Мы вышли, щурясь на свет опухшими глазами. Мамы в комнате не было: вероятно, ей было стыдно. Все еще держась за Катюшу, я пошел за ней в детскую, где она уложила меня на постель, погладила по голове и поцеловала. В этот момент моей настоящей мамой, доброй и понимающей, была Катюша. Когда она уходила, я с новой родившейся во мне нежностью посмотрел на ее косичку, свисавшую до полспины и украшенную лентой.

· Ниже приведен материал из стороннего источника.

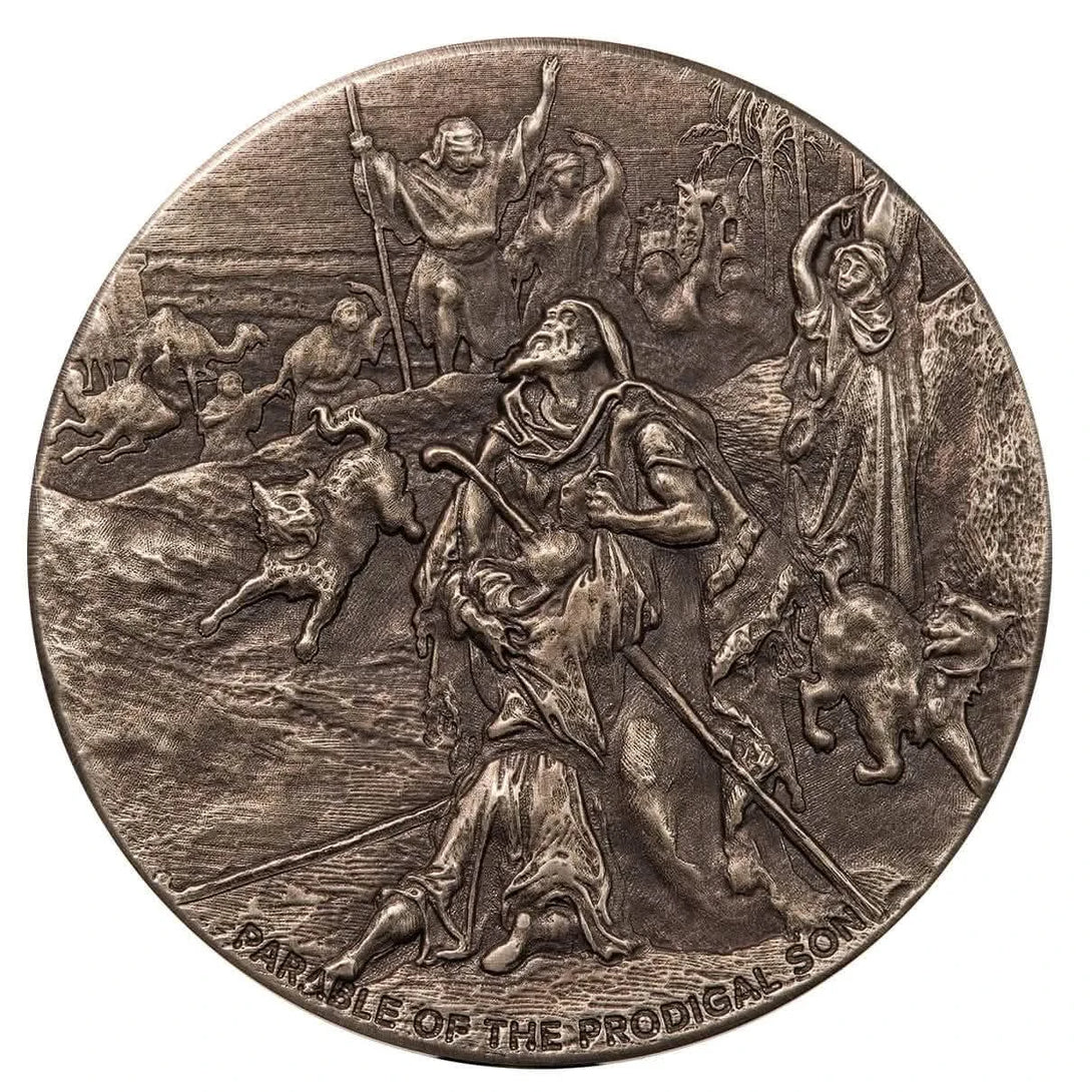 The coin features an exquisite high-relief design, illustrating the moment of the son’s return, with the father embracing him with open arms. The intricate details of the scene, from the emotional reunion to the lush surroundings, bring the story to life. The antique finish enhances the coin's depth, giving it a timeless, classical appearance that speaks to the enduring power of forgiveness and grace.

Потом из соседней комнаты до меня донесся громкий и убедительный шепот Катюши, по нескольку раз повторявшей:
— Замыслив расширить пределы своих владений за счет второстепенных… за счет второстепенных удельных князей, великий князь московский… великий князь московский предпринял поход…
Кумир
Год моего рождения был в семье траурным: осенью умер отец. Так я и рос — единственным мужчиной в доме: мать, две сестры, нянька, всех нас выходившая, и кухарка Саватьевна, женщина характера деспотического, но умевшая делать даже слоеное тесто.
Наш маленький мирок не делился на взрослых и детей. Няньку, например, никак нельзя было причислить ко взрослым; она была очень стара, но все же принадлежала к миру детскому, — жила нашими интересами, знала по именам сестриных кукол, говорила детским нашим языком, была участницей наших игр и наших тайн. Саватьевна жила и царила в кухне, на всех ворчала, особенно в субботний базарный день, но, в сущности, настоящим авторитетом не пользовалась; ее только побаивались. Взрослой была только мать, и как-то совсем нечаянно взрослой стала Катя.
Случилось это, кажется, тогда, когда Кате на Рождество сшили длинное платье, не такое длинное, как у мамы, но все-таки. Все это платье на Кате рассматривали, и она стояла посреди комнаты в большом смущении. Я ждал, что вот Катя сделает шаг и запутается ногами в юбке. Няня же сказала:
— Таперича совсем невеста наша Катенька.
Платье носилось по праздникам, а в будни Катя ходила в прежнем, коричневом, с черным фартуком. Но теперь и в нем она оставалась взрослой. После длинного казалось, что не это, старое, стало короче, а Катины ноги стали длиннее.
И еще случилось однажды, что почтенный и пожилой господин, пришедший навестить маму, поднялся с кресла, когда вошла Катя, и, здороваясь с нею, стукнул каблуком о каблук. Меня это очень поразило, и мое уважение к Кате еще повысилось. Уйдя в детскую, я долго расшаркивался там перед умывальником, стуча ногами и кивая головой, и, по-моему, выходило хорошо. А когда то же я проделал перед нянькой, она сказала:
— Нечего тебе, Костенька, передо мной, старухой, танцы танцевать. Сидел бы лучше да клеил картинки.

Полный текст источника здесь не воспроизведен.